Life is a Coma

Last night, SVSU brought The Asia Project on campus. Unfortunately, a poetry slam happened around the same time, so only 15 people showed up to watch the spoken word poetry event.

I’m glad I was part of the 15, though.

The Asia Project is a duo featuring poet Asia Samson and guitarist Jollan Aurelio. Asia writes the poems himself and performs them with Jollan’s accompaniment.

Many of the poems were deeply personal to Asia, so props to him for sharing them. He shared poems sparked by his battle with cancer, his son’s birth, his marriage, and his sister’s tragic death.

The poem dedicated to his sister, “Awakening,” was definitely my favorite.

I related to this poem, but in an unexpected way. I may be familiar with loss, but I’ve never lost someone as close to me as Asia was to his sister.

No, I did not relate so closely to the feeling of loss. I related better to the hollowness he hinted at in the end of the poem when he said, “Life is a coma we can still choose to wake up from.”

“Life is a coma we can still choose to wake up from.”

I’ve been a college student for a few months now, but I feel further away from home every day.

Part of the problem is that I don’t know where home is. My dorm? My family? My high school? My friends’ colleges? Whenever I’m at one place, I long to be at another. I’m stretched everywhere and I’m comfortable nowhere.

When one feels out-of-place, she ought to discover more about herself. With nothing around to distract her, she should be able to look down at herself and say, “This is what I am.”
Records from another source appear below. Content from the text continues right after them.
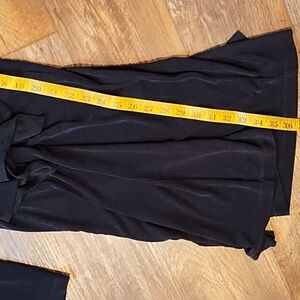 Elegant black skirt set with blue embroidered neckline. Long sleeves. Perfect for any occasion.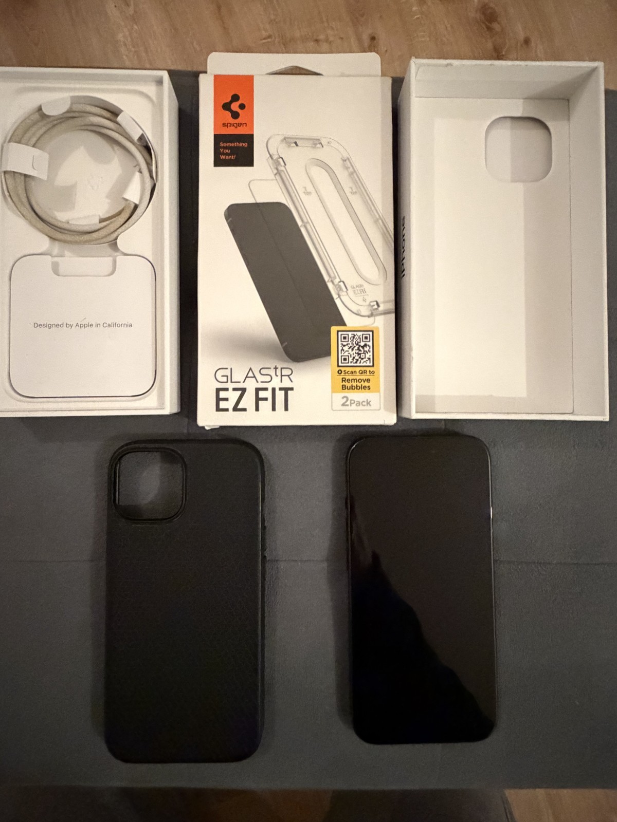Ich verkaufe mein Iphone 15 in schwarz, ohne Simlock. Das Handy ist technisch in einem einwandfreien Zustand. Das Gerät wurde durchgehend mit einer Handyhülle, Displayschutz und Kameraschutz verwendet. Kleinere Lackabplatzer auf dem Gehäuse (Rückseite/an den Seiten) sichtbar. Die Akkuleistung liegt bei 88%. Versand in OVP mit sämtlichen Zubehör. Zusätzlich lege ich meine Schutzhülle sowie ein Displayschutzsatz von Spigen bei. Eine Rücknahme wird ausgeschlossen, da Privatverkauf.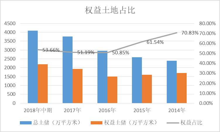 除了城市布局策略上的微調(diào)之外,與萬科相似,“小股操盤”是金地近年土地投資策略之一。按照金地2018年中期報(bào)告披露的數(shù)據(jù),權(quán)益土地占比為53.66%。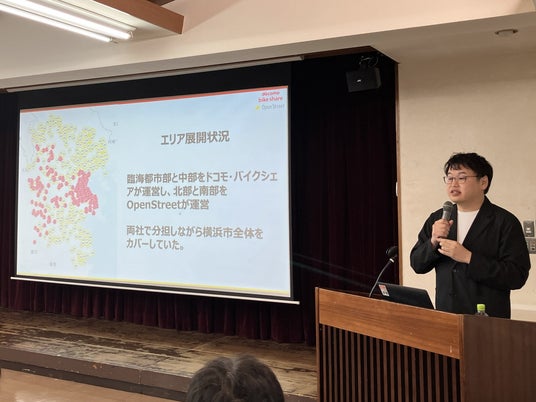 工藤は、株式会社ドコモ・バイクシェアの代表取締役社長の武岡雅則氏とともに登壇し、約100名の参加者を前に今月から神奈川県横浜市で開始したポート共有の事例を中心に、海外のシェアモビリティの在り方や、日本のシェアサイクルの課題感、今後の展望について説明しました。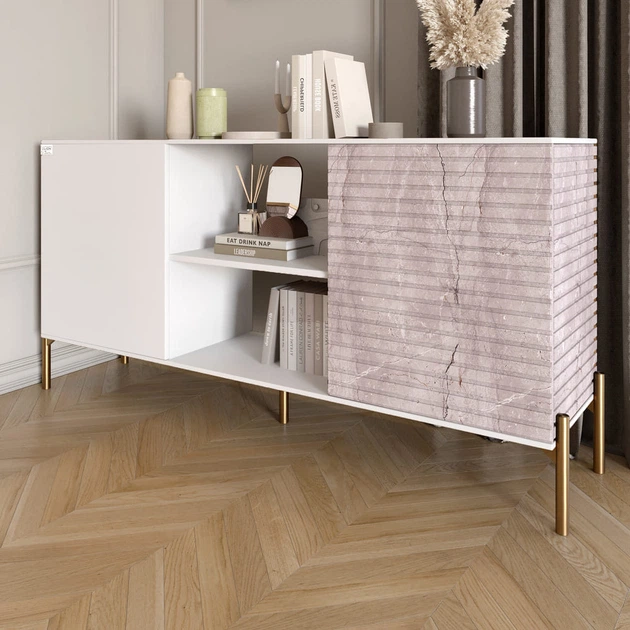 Комод відкритий на золотих металевих ніжках LION Грей Німфея Альба (білий)/Камінь (LION-042813)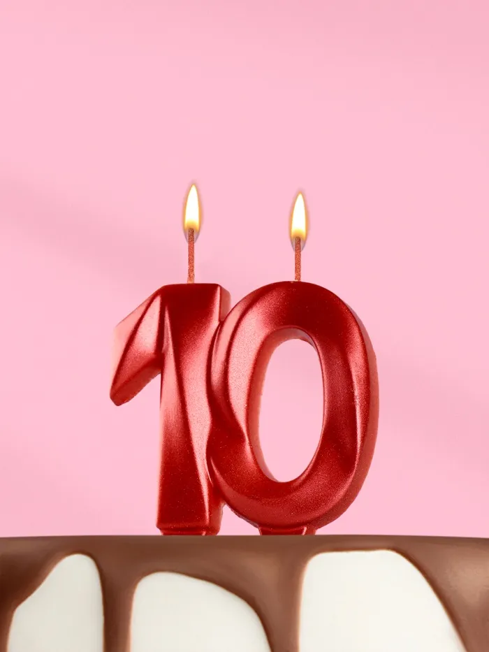 Свеча в торт юбилейная «Грань», цифра 10, красный металлик, 8 см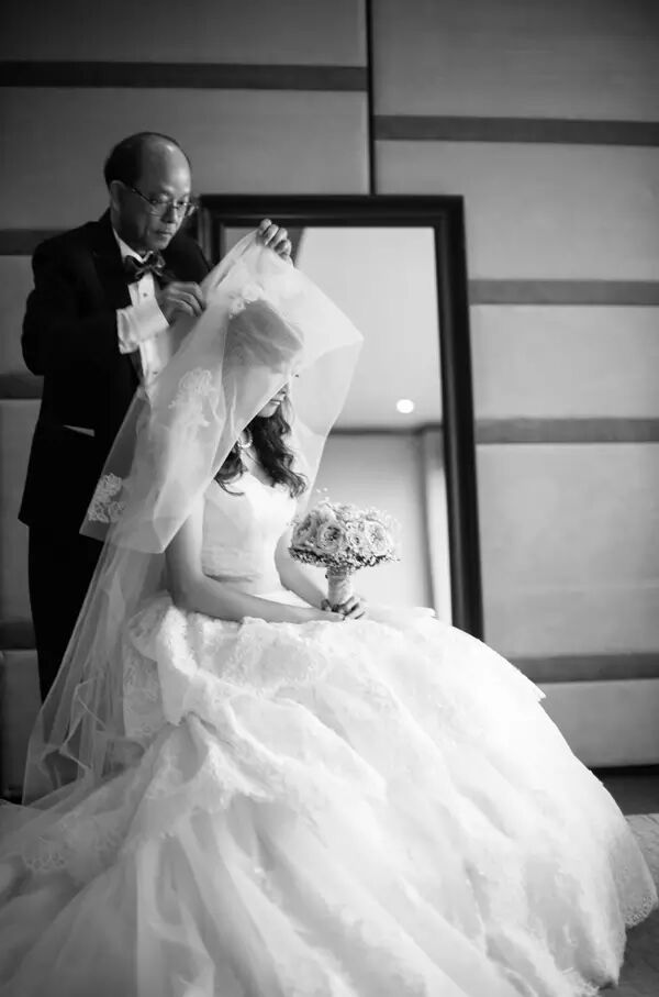 特别是在父亲将手交给新郎,自己转身走下台的那一瞬间,一向坚强严肃的父亲也可能会潸然泪下。

When I look down, I see right through myself.

The problem is, I don’t know why. I know my purpose. I know what I want to do with my future. I know what I stand for and against. But I feel like there’s some part of myself I haven’t tapped into. It still sleeps somewhere inside me and every now and again it snores, reminding me that I’m not fully awake.

“Life is a coma we can still choose to wake up from.”

But how do we start?

I think I need to focus on the little things. I think I need to start rejoicing at the many places I call home rather than despair at how far apart they are. I think I need to write more, to feel more in tune with myself. I think I need to read more, to climb closer to my future. I think I need to pour energy into everything I do, to live life to the fullest.

I think I need to stop looking and start watching.